En este contexto, Beatriz Mojica se enfrenta a un conjunto de retos complicados, pero a la vez su candidatura presenta diversas ventajas importantes sobre los demás aspirantes. En primer lugar la circunstancia bien conocida de que el proceso electoral se está llevando a cabo en un difícil escenario estatal, fuertemente influido por la crisis política derivada de los crímenes de Iguala, que han despertado la conciencia y la movilización social, a la vez que han develado las graves condiciones de complicidad y contubernio de una buena parte de la estructura gubernamental con el crimen organizado. Además, la candidata perredista se enfrenta con la necesidad de convencer al electorado de mantener su apoyo a la izquierda, para lo cual se debe distinguir de las dos administraciones anteriores, que si bien fueron conducidas por líderes apoyados por la izquierda, en realidad representaron momentos de una difícil y atropellada transición, en un caso representada por una candidatura externa, y en el otro por un desprendimiento coyuntural del PRI, más que gobiernos realmente izquierdistas.
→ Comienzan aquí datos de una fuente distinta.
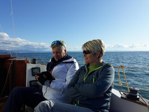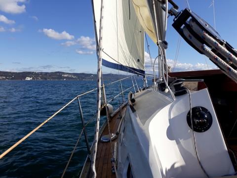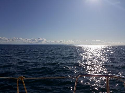 Veter pade in barčica se pozibava na valovih. Veter prične pihati najprej z juga nato z zahoda, valovi z vzhoda. Dobre pol ure je trajal rock&roll na vodi. Valovi se uskladijo z vetrom in že smo šibali. Dvignemo vsa jadra in s polnimi jadri križarimo vse do povratka v marino.
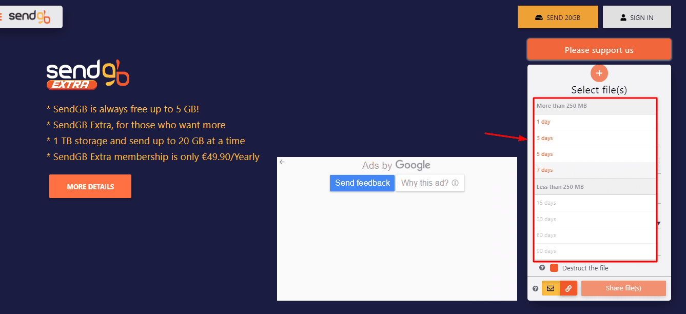 SendGB is an online file sharing service that was started in 2015. It lets you share large files with other users quickly and requiring no registration!
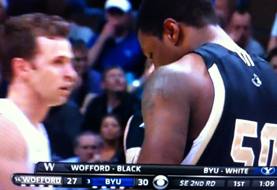 • Tipster Andrew B. found it unnecessary for CBS to point out the difference in colors between BYU and Wofford, so he sent a screen grab, subject-lined "Stating the obvious?" [ Wofford.edu]

A pesar de que en nuestro estado existe una fuerte predominancia de las posturas machistas, la postulación de una candidata mujer que tiene reales posibilidades de convertirse en la primera gobernadora en la historia de Guerrero, será una importante ventaja si la aspirante logra atraer la simpatía de más de la mitad del electorado que está constituido precisamente por mujeres.
Por otra parte, Bety Mojica tiene la ventaja de ser una mujer surgida completamente de las filas de la izquierda, en la que ha militado desde su muy temprana juventud, por lo que su triunfo electoral con seguridad constituirá la llegada finalmente de un gobierno verdaderamente diferente que ofrezca una real opción de transformación de fondo de la realidad del estado desde la perspectiva de la izquierda. Por ello, las posibilidades de que gane la elección serán mayores en la medida de que logre transmitir al electorado su compromiso efectivo con un proyecto de gobierno fuertemente vinculado con la población, que abra los espacios al poder ciudadano y supere los vicios existentes hasta ahora en la burocracia política tradicional.
La disyuntiva de los ciudadanos guerrerenses entonces será, por una parte, la de optar por detener el proceso de transición que el estado ha experimentado en los últimos años para regresar a los vicios y defectos de los gobiernos anteriores, o por la otra, dar el paso definitivo apoyando a la candidata de la izquierda que tiene reales posibilidades de triunfar para arribar a la constitución de un verdadero gobierno izquierdista y transformador que represente una salida política hacia adelante a la crisis que actualmente se vive en Guerrero.